大賞に選ばれたのは、「お手伝い」と「旅」を掛け合わせた造語「おてつたび」を創業した永岡里菜さん。地域の人手不足を「おてつだいをきっかけに足を運ぶ“旅行者”」で解消するプラットフォームだ。ポイントは、「どこそこ?」と言われるような地域にファンを作ること。
ホームページを見ると、例えば「花の収穫」(和歌山県御坊市)や「パンの訪問販売」(北海道広尾郡)などのお手伝い募集があがっていて、どの期間、どんな“お手伝いの内容”でいくらもらえるなどの情報が載っている。
永岡さん自身、高齢化率45%の三重県尾鷲市出身で、「人口減少で、日本全体で人を取り合って行く現実を避けられないなら、そこに住んでいなくても、人・モノ・金が日本各地を巡っていく仕組みができないか」という発想から創業した。
ただ、「人手不足解消だけのためにやっているサービスではない」と言い、人手不足をきっかけに、地域を知り、ファンになって帰るという循環をつくりたいと話す。
実際、この「おてつたび」をきっかけに東京と愛媛の2拠点で料理人の仕事を始めた人や、鳥取県の地域おこしを始めた人、さらには「おてつたび先」に嫁いだ人もいて、人手不足解消だけでない、人と人、人と地域の出会いのきっかけをつくっているようだ。
永岡さんは、誰もが居住地と出身地以外にも「好きな地域」を持ち、複数の地域と関わる「関係人口」を増やすことで、地域を支える仕組みをつくることを目指している。

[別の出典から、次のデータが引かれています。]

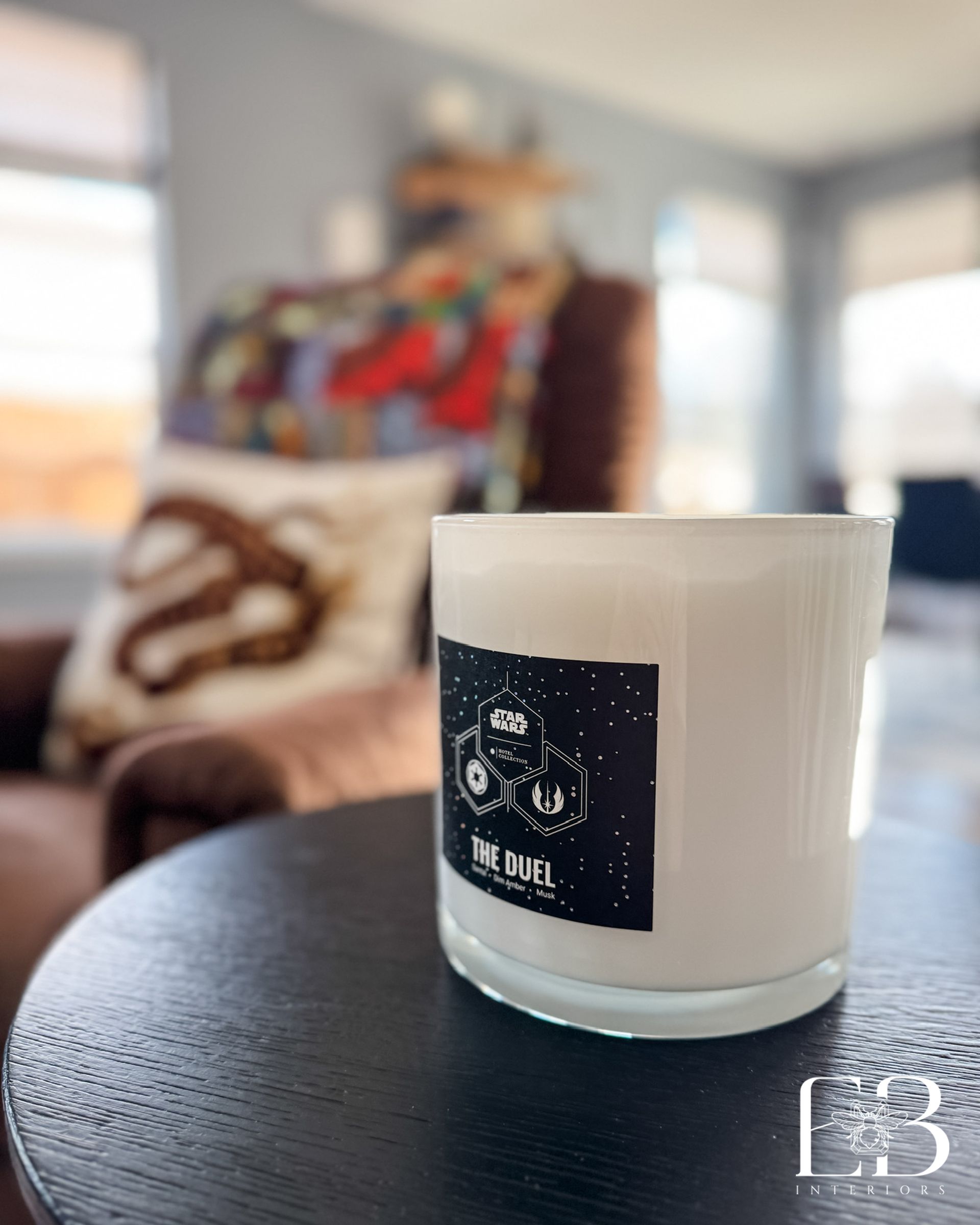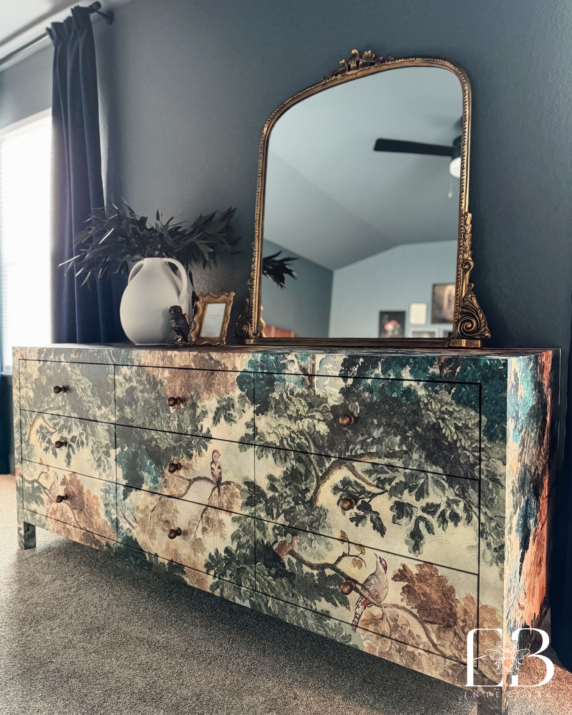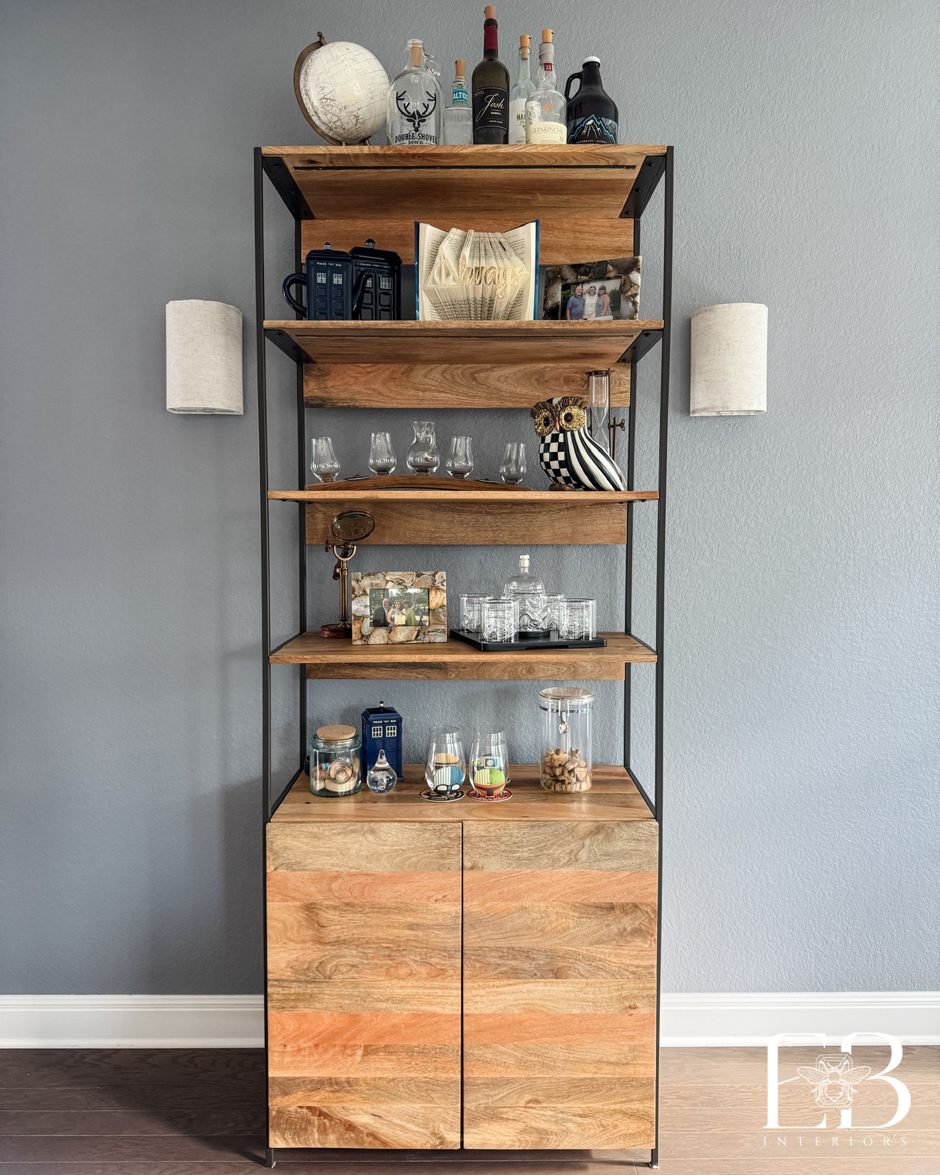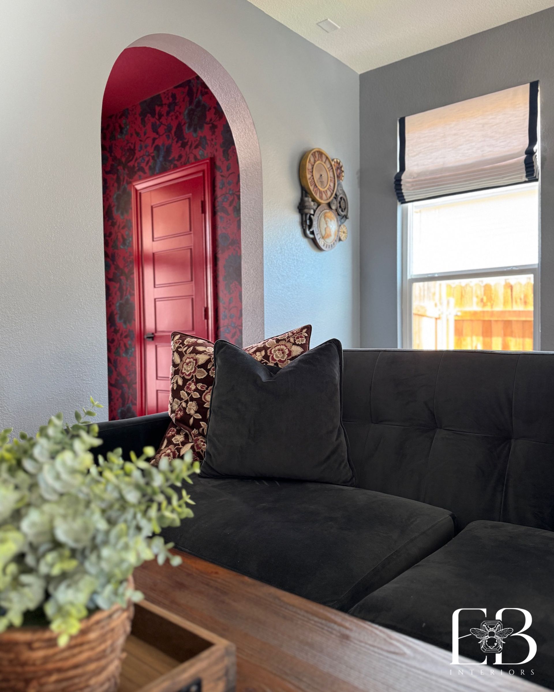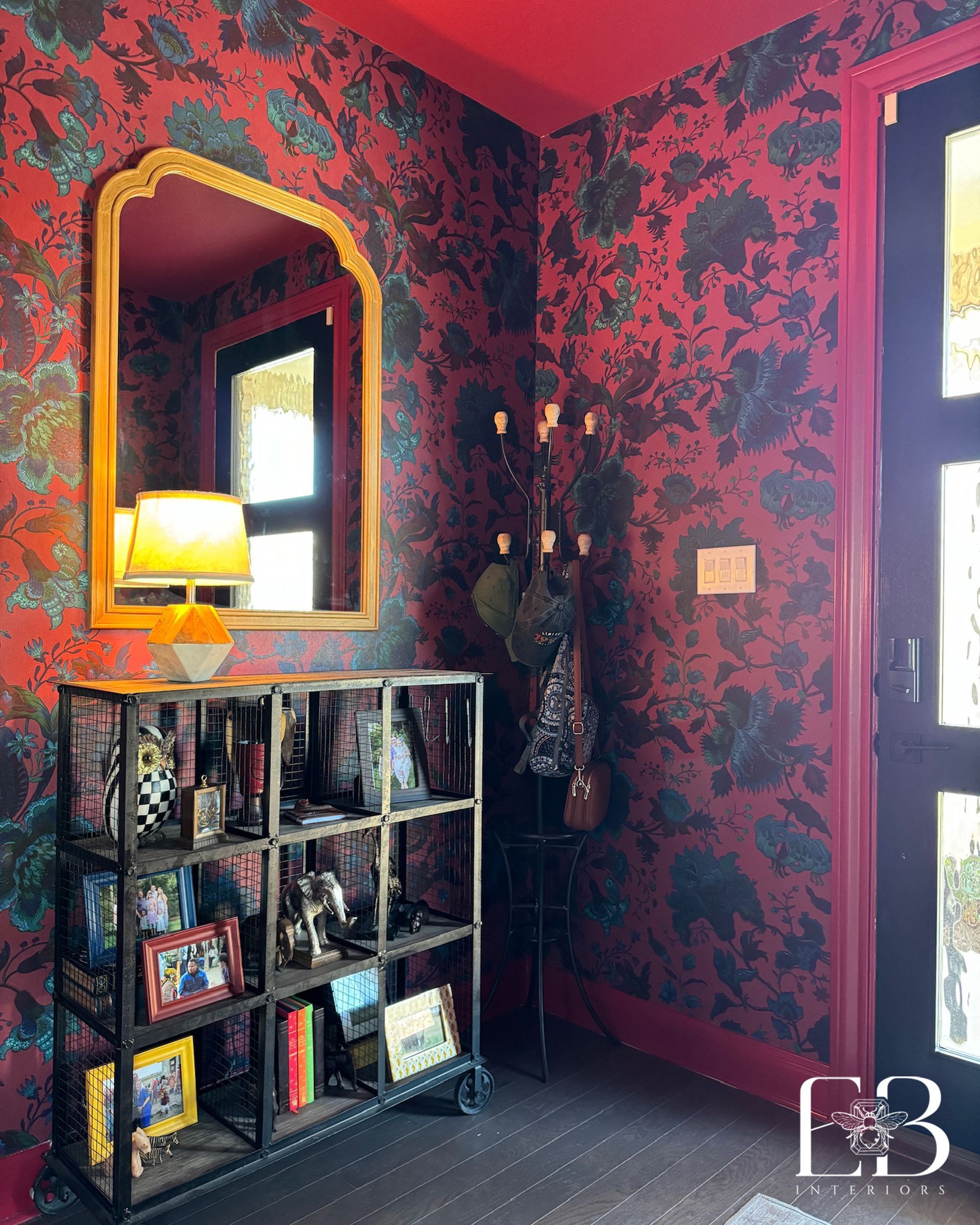 The client, a self-proclaimed “nerd,” wanted her love of Star Wars, Doctor Who, and Lord of the Rings to shine through with a refined dark academia aesthetic. Emerald Bee sourced anatomy art, layered rich textures, and incorporated moody colors to reflect her personality while maintaining a sophisticated, collected style. The design also celebrates her travels as a nurse on medical missions to Africa, displaying curated artifacts from her journeys.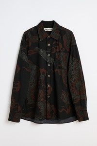 Details · Portuguese fabric · 100% Organic Cotton · Abstract snake print · Pearl buttons · Curved hem · Mitered cuffs · Slightly oversized fit · M4252AB Description Our Above Shirt in Brown Abstract Snake Print. Produced in Portuguese organic cotton fabric, the men's Above Shirt has a slightly oversized fit and features an abstract snake print, pearl buttons, curved hem and mitered cuffs.

■「ぼくらの地域、課題がたくさんある。裏を返せば全てビジネスの種になり得る」
一方、「誰もいなくなった地域」に人を呼び込み、27件の事業を実現させてきた人物もいる。福島県南相馬市出身の和田智行さんだ。
「人が住まなくなると、町は自然に飲み込まれていく」。和田さんは福島第一原発事故後の南相馬市の様子をそう表現した。
震災から5年後に「避難指示」は解除されたものの、子どもの数は激減。「いずれ消滅するシナリオに変わりないんじゃないの? だったらここに金を投じる必要ないんじゃないの?」と言われ、「切り捨てられても仕方ない状況になってしまった」と感じたという。
しかし、和田さんは「課題はビジネスの種だ」と考え創業。町に人が戻ってくるかどうかの決め手となるのは「子育て中のお母さんたち」と狙いを定め、「彼女たちにとって魅力的な仕事をつくろう」と、人が住んでいない町にアクセサリー工房をつくった。それがきっかけで、女性たちが南相馬に戻って来て働き始めただけでなく、ガラス職人になりたくて移住してくる若者も出てきたという。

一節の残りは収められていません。